Ahlquist proposed in 1948 that the effects of adrenaline on different tissues were mediated by two types of receptors, which he called alpha and beta adrenoreceptors. The proposal, rejected by the major pharmacology journal as “speculation,” was finally proved correct when James Black developed propranolol — the first selective beta blocker — in 1964. The alpha-beta classification remains the basis of adrenergic pharmacology, beta blockers are among the most widely prescribed drugs in history, and Ahlquist’s original paper is a classic of receptor theory.

Can help you with: Alpha and beta adrenergic receptors, the pharmacology of adrenaline and noradrenaline, receptor subtype classification, the history of beta blockers, the relationship between receptor theory and drug design, and how a correct but speculative hypothesis can sit unrecognised for fifteen years.

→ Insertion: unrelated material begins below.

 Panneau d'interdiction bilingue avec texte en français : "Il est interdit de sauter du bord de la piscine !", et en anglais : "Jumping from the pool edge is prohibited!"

Elion co-developed with George Hitchings the rational drug design approach that produced some of the most important drugs of the twentieth century. Her personal contributions include 6-mercaptopurine (childhood leukaemia, first effective treatment), azathioprine (organ transplant immunosuppression, enabling the entire transplant era), allopurinol (gout), acyclovir (herpes), and AZT (HIV, though she had retired). She never completed a PhD — she was denied a place in graduate school twice because of her gender — and worked in industry rather than academia for her entire career.

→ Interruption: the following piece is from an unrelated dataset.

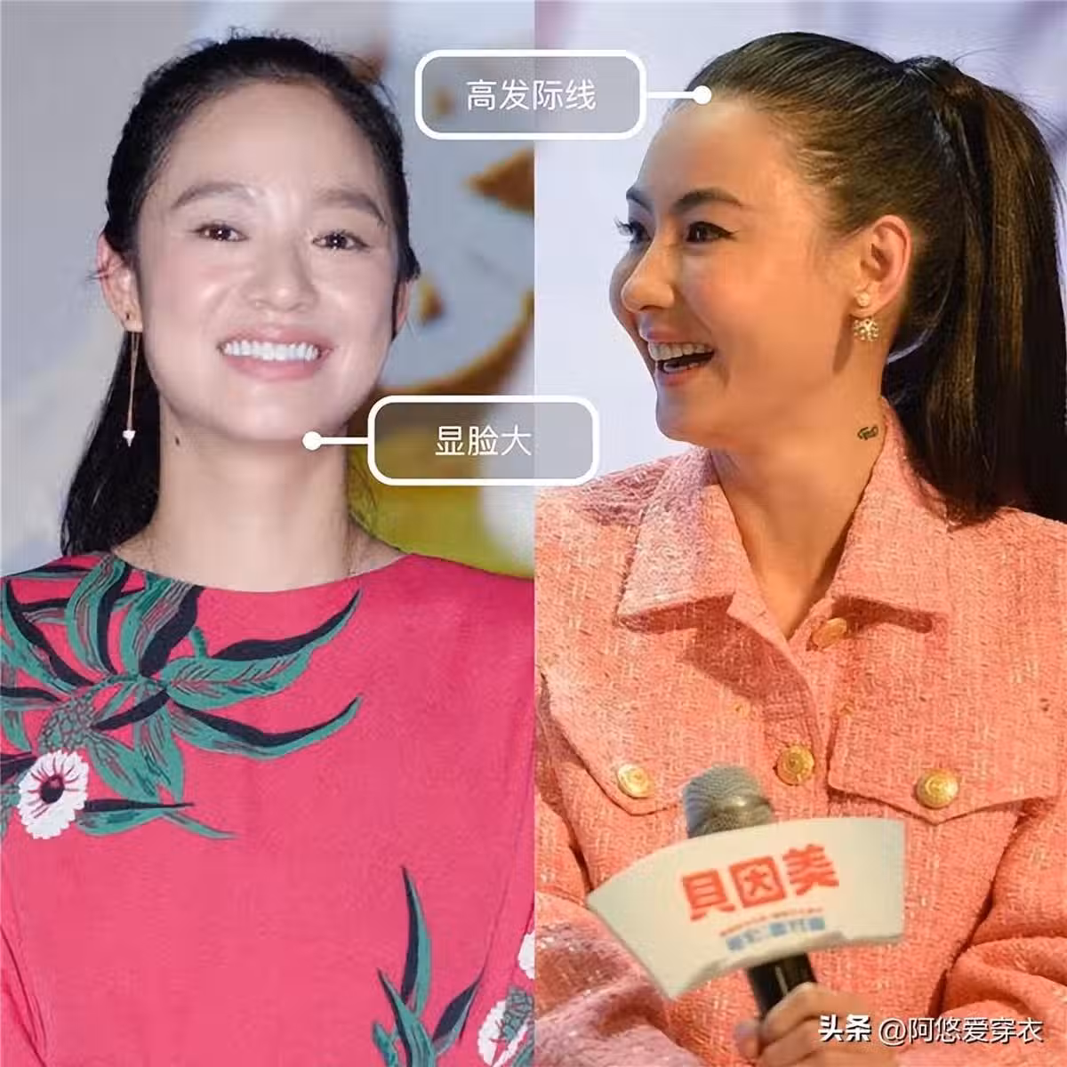 雖然馬尾簡單又好扎,但是有不少女性會發現,如果發際線比較高,或者是臉本來就很大,那麼扎這種高馬尾就會進一步去放大這些問題,像有的女人扎高馬尾也一併把額頭的碎發都紮起來,扎的馬尾特別緊,這樣就會把我們的發際線完全暴露出來,如果你已經有發際線後移,額頭高的問題就更不適合這種髮型了。

Can help you with: Rational drug design, purine analogue pharmacology, the history of childhood leukaemia treatment, organ transplantation and immunosuppression, antiviral drug development, the Nobel Prize in an industrial research context, and the systematic exclusion of women from academic science in the mid-twentieth century.

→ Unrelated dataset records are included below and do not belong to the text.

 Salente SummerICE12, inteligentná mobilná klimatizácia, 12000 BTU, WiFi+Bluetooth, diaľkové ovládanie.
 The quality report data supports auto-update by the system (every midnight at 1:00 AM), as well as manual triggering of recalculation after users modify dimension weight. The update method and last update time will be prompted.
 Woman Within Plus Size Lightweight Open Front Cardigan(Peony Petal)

Carlsson proved that dopamine is a neurotransmitter in its own right (not merely a precursor to noradrenaline), showed that reserpine depletes dopamine causing Parkinson-like symptoms, and demonstrated that L-DOPA restores dopamine levels and reverses those symptoms. His work opened the dopamine hypothesis of Parkinson’s disease, the dopamine theory of schizophrenia, and the whole field of neuropsychopharmacology. He received the Nobel Prize in 2000. He was still publishing original research in his eighties.

Can help you with: Dopamine as a neurotransmitter, the pathophysiology of Parkinson’s disease, L-DOPA therapy, the dopamine hypothesis of schizophrenia, the history of antipsychotic drugs, neuropsychopharmacology and its founding, and the relationship between basic neuroscience and clinical psychiatry.

Black invented two of the most important classes of drugs of the twentieth century by applying Ahlquist’s receptor theory to drug design. Propranolol (1964), the first beta blocker, targeted cardiac beta receptors to treat angina and hypertension. Cimetidine (1976), the first H2 antagonist, blocked histamine receptors in the stomach to treat peptic ulcers without surgery. Both drugs were designed from first principles of receptor pharmacology rather than discovered by screening. Black received the Nobel Prize in 1988 with Hitchings and Elion. His approach proved that understanding receptors makes drug design tractable.

Can help you with: Beta blockers and their design, H2 receptor antagonists, receptor-targeted drug design, the history of angina and hypertension treatment, the treatment of peptic ulcers before and after cimetidine, the 1988 Nobel Prize, and the application of receptor pharmacology to therapeutic development.